Description of a model of simplest autorepressilator

The equation

$$\frac{d x(t)}{dt} = f(x(t-\tau)) - x(t); \quad f(x) = \frac{\alpha}{1+x^{h}}; $$

corresponds to a subsystem containing just one gene that encodes protein with concentration x=x(t) acting as the regulator of its own expression by repression mechanism (autorepressor). The parameters of this model (1) of the simplest circular regulatory circuit are interpreted as follows: the constant α describes efficiency of the gene expression, h is a Hill coefficient, it determines degree of non-linearity of positive monotonically decreasing function f, which describes negative feedback mechanism of gene expression regulation.
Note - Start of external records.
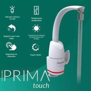 Tecnologia Touch, Instalação em bancada ou parede. A torneira Prima touch foi pensada para ser sinônimo de conforto e funcionalidade desde sua instalação. Além disso, possui bica giratória e acionamento simplifica com registro com 1/4'' de volta. A primeira torneira eletrônica touch do mercado possui: Arejador que não respinga; Indicador de temperatura luminoso em LED; 2 em 1: Possibilidade de instalação em parede ou bancada e Ajuste de temperatura linear e progressivo.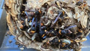 ・ご自宅の敷地内の庭木の中に出来た、蜂の巣駆除を、山口県内で施行致しました。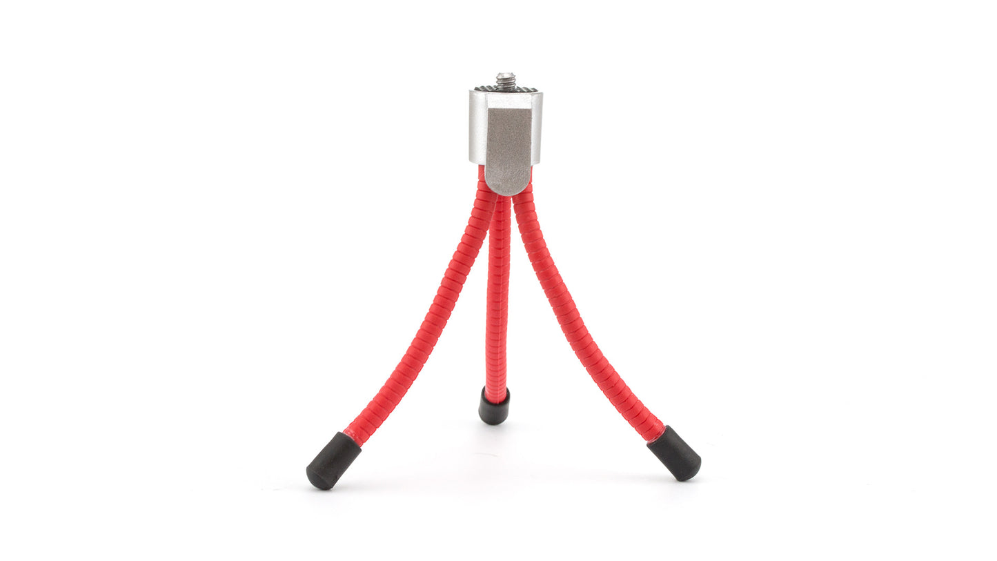 Trípode para cámaras con tornillo de ajuste universal y patas flexibles con acabado en goma antideslizante para fijación en todo tipo de superficies.Presentado en caja individual.

The parameter τ is the lag in the delay of the argument, the subtrahend in this equation and in higher-dimensional models corresponds to velocity of natural loss in the network (degradation, dissipation etc).

Methods of analysis of higher-dimensional models

Our analysis of phase portraits of the higher-dimensional gene networks models with negative feedback loops, delayed arguments phenomena, and studies of corresponding inverse problems were based on classical methods of the qualitative theory of ordinary differential equations, and on our recent results [44, 45] concerning monotonicity of the Poincaré map (the so-called succession map). Geometric arguments, topological fixed point theorem, and analytical calculations allow to prove stability of cycles and their non-uniqueness for some low-dimensional gene networks models.

At the same time, these geometric considerations show that phase portraits of n-dimensional dynamical systems of the type (10) contain invariant domains which can be decomposed to unions of 2n parallelepipeds (blocks) such that solutions of such systems have very simple analytic form in each block (Fig. 2). So, the parameters identification inverse problems for the systems (10) can be reduced to combinatorial description of transitions of their trajectories from block to block. In the case n=3, the solution is given in Proposition 1. Higher-dimensional versions of this inverse problem require more combinatorial efforts even in the case n=4, see [49].

Calculation method

The methods of integrating the systems of differential equations with delayed arguments are classical as well, see [28, 30]. In our numerical experiments with these systems, we used the semi-implicit difference scheme with variable step. Corresponding calculations and construction of the graphs on the Figs. 2 and 3 which illustrate our mathematical results were carried out on personal computers of the first author.